* _WORK TO COMPLETE_
Give back exactly the lines that start at the one containing "둘러 보고 있다. |" and run to the end of the material, leaving out the pictures.

* _AVAILABLE DATA_

§ §

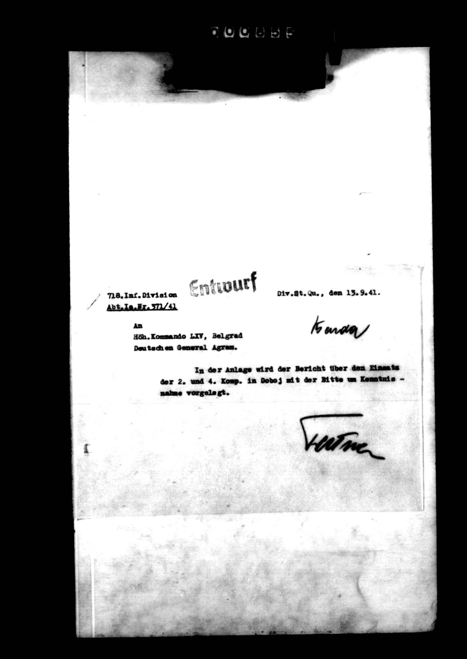 18349/1 - 718 Inf Div. Ia, Kriegstagebuch - War Diary covering unit activation, occupation duty and antipartisan warfare in Yugoslavia, May 14, 1941 - December 31, 1941 izdvojeno: | 1 |  |
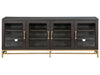Add beauty and function to your living space with the modern sophistication of the Lindon entertainment collection. With its streamlined silhouette and attractive Burnished Brass open metal base and this media console will complement any interior. Lindon is available in two sizes (70-inch and 84-inch) and offered in a choice of Belgian Wheat or Coffee Bean finish accented with Burnished Brass Hardware. Its multifunctional design includes four framed and clear-glass doors that each open to reveal two interior adjustable shelves perfect for media storage and display. The 70-inch console is designed to display a TV up to 79” and the 84-inch model is designed for TV sizes up to 90” and and both add instant character to the room.
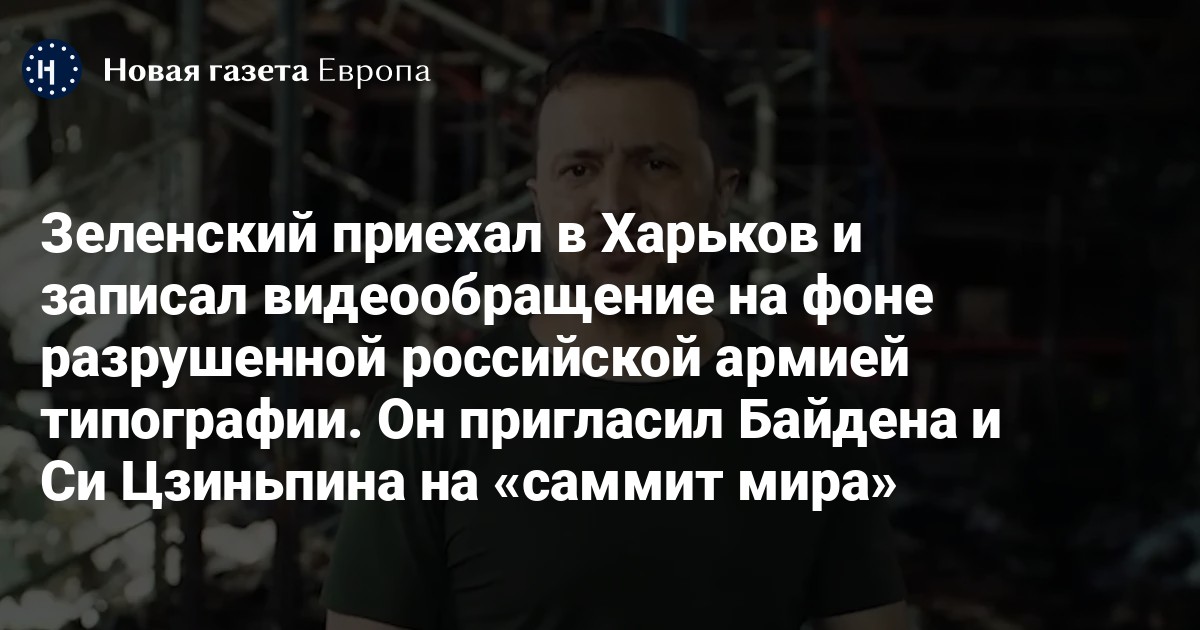 Зеленский приехал в Харьков и записал видеообращение на фоне разрушенной российской армией типографии. Он пригласил Байдена и Си Цзиньпина на «саммит мира»
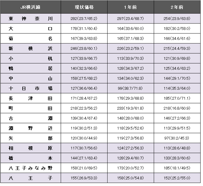 JR横浜線(東神奈川~八王子)における平均坪単価は158万円で、1年前に比べて1万円、1.0%上昇した。事例数は3660件(前年より188件減)、平均築年数が29.3年(1年前28.7年)、平均専有面積は60.35平方メートル(同61.08平方メートル)。掲載区間における最高値は東神奈川の282万円。
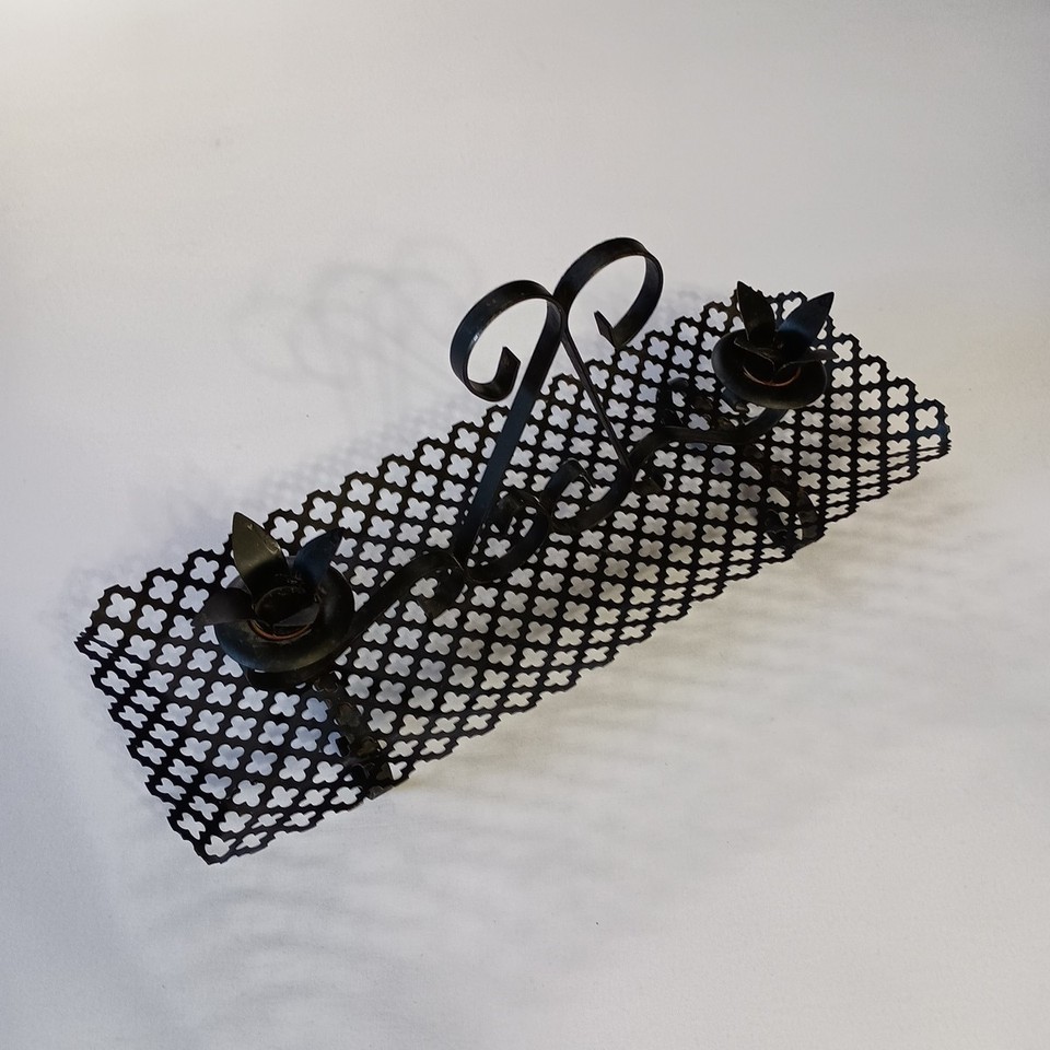 - Vintage Black Metal Mesh Candlestick Holder Centerpiece Mid Century Gothic Retro
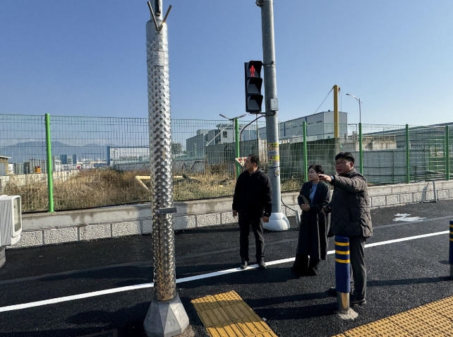 ![]() 계자들이 해룡·율촌산단 보행로 정비 완료 현장을 둘러 보고 있다. |
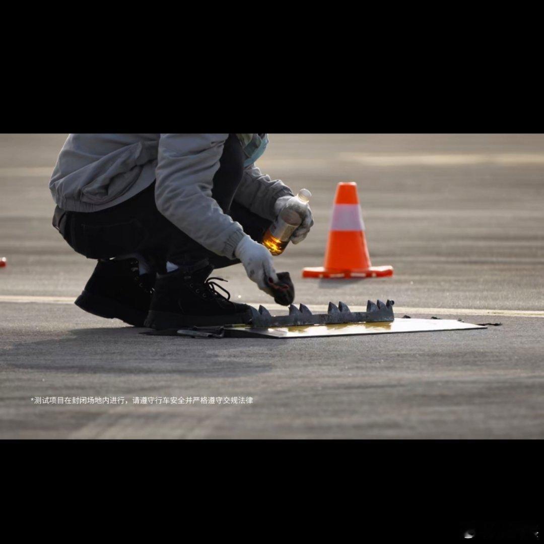 第二个镜头,工作人员在布置“地钉”,这个显然是用来破胎。
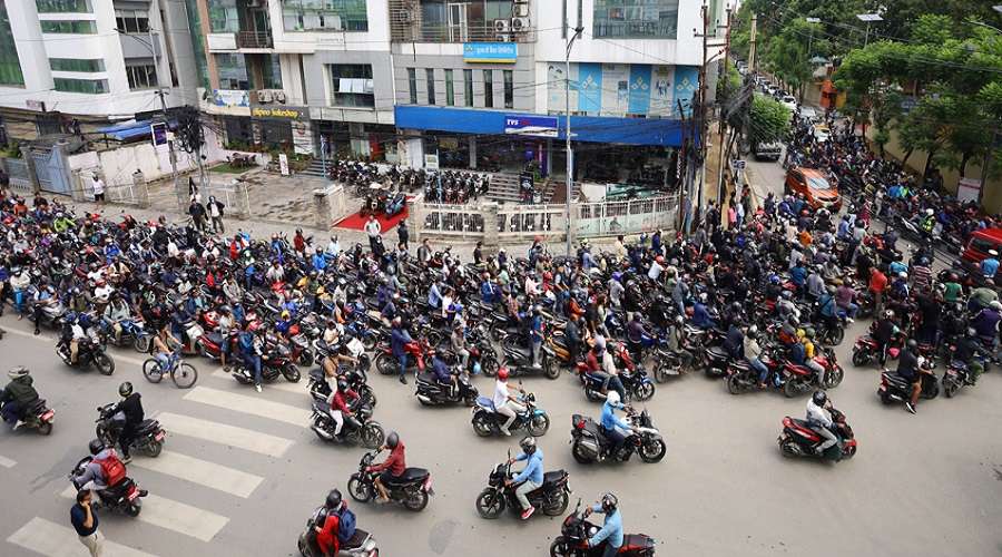 आन्दोलनका कारण निजी क्षेत्रका पेट्रोल पम्पले पेट्रोलियम बिक्री वितरण रोकेर पेट्रोल पम्प बन्द गरेपछि सरकारी पम्पमा पेट्रोल भर्नेको भीड देखिएको छ ।
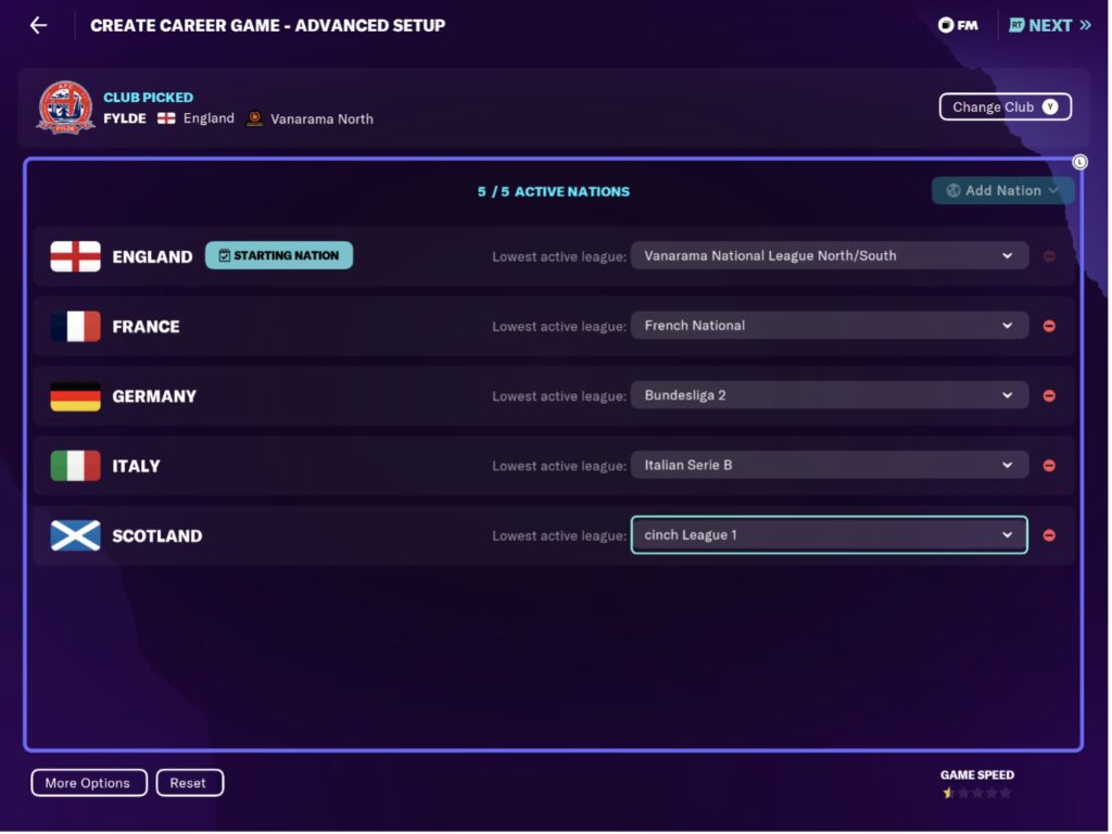 El límite establecido en Football Manager Mobile es de hasta cinco selecciones por partida guardada. Esto significa que puedes seleccionar hasta cinco naciones cuyas ligas (o al menos las principales divisiones) estarán presentes y serán jugables en tu partida.
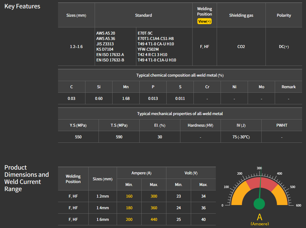 - AWS: A5.36 : E70T1-C1A4-CS1-H8
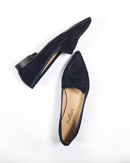 Nel mocassino a punta Nico le linee classiche ed essenziali delle scarpe più formali incontrano il comfort e la leggerezza delle ballerine. Morbida nappa e camoscio italiani disegnano silhouettes raffinate per un look minimalista senza tempo. La lavorazione a ballerina lo rende estremamente comodo, perfetto da indossare con i jeans o con un pantalone sartoriale.
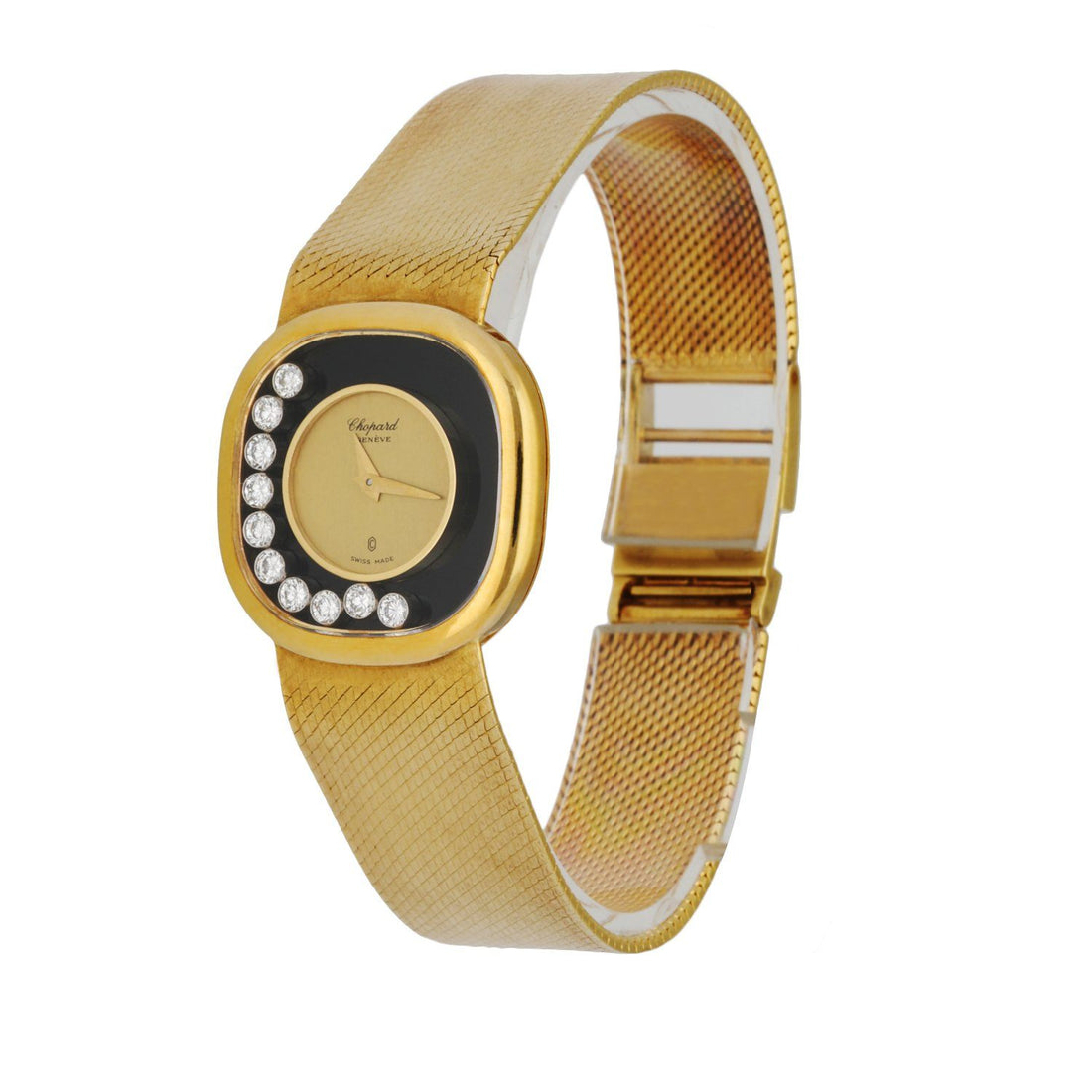 Chopard Happy Diamond 5157 Ladies Watch. 25mm 18K yellow gold case. Black dial with 10 floating original factory diamonds and inner champagne dial with gold hands. 18K yellow gold bracelet with jewelry clasp. Will fit up to 6.5-Inch wrist. Sapphire crystal. 18K yellow gold case back. Quartz battery powered movement.
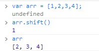 2.shift - 移除最前一个元素并返回该元素值,数组中元素自动前移。

§ §

* _WORKED SOLUTION_
 ![]() 계자들이 해룡·율촌산단 보행로 정비 완료 현장을 둘러 보고 있다. |
 第二个镜头,工作人员在布置“地钉”,这个显然是用来破胎。
 आन्दोलनका कारण निजी क्षेत्रका पेट्रोल पम्पले पेट्रोलियम बिक्री वितरण रोकेर पेट्रोल पम्प बन्द गरेपछि सरकारी पम्पमा पेट्रोल भर्नेको भीड देखिएको छ ।
 El límite establecido en Football Manager Mobile es de hasta cinco selecciones por partida guardada. Esto significa que puedes seleccionar hasta cinco naciones cuyas ligas (o al menos las principales divisiones) estarán presentes y serán jugables en tu partida.
 - AWS: A5.36 : E70T1-C1A4-CS1-H8
 Nel mocassino a punta Nico le linee classiche ed essenziali delle scarpe più formali incontrano il comfort e la leggerezza delle ballerine. Morbida nappa e camoscio italiani disegnano silhouettes raffinate per un look minimalista senza tempo. La lavorazione a ballerina lo rende estremamente comodo, perfetto da indossare con i jeans o con un pantalone sartoriale.
 Chopard Happy Diamond 5157 Ladies Watch. 25mm 18K yellow gold case. Black dial with 10 floating original factory diamonds and inner champagne dial with gold hands. 18K yellow gold bracelet with jewelry clasp. Will fit up to 6.5-Inch wrist. Sapphire crystal. 18K yellow gold case back. Quartz battery powered movement.
 2.shift - 移除最前一个元素并返回该元素值,数组中元素自动前移。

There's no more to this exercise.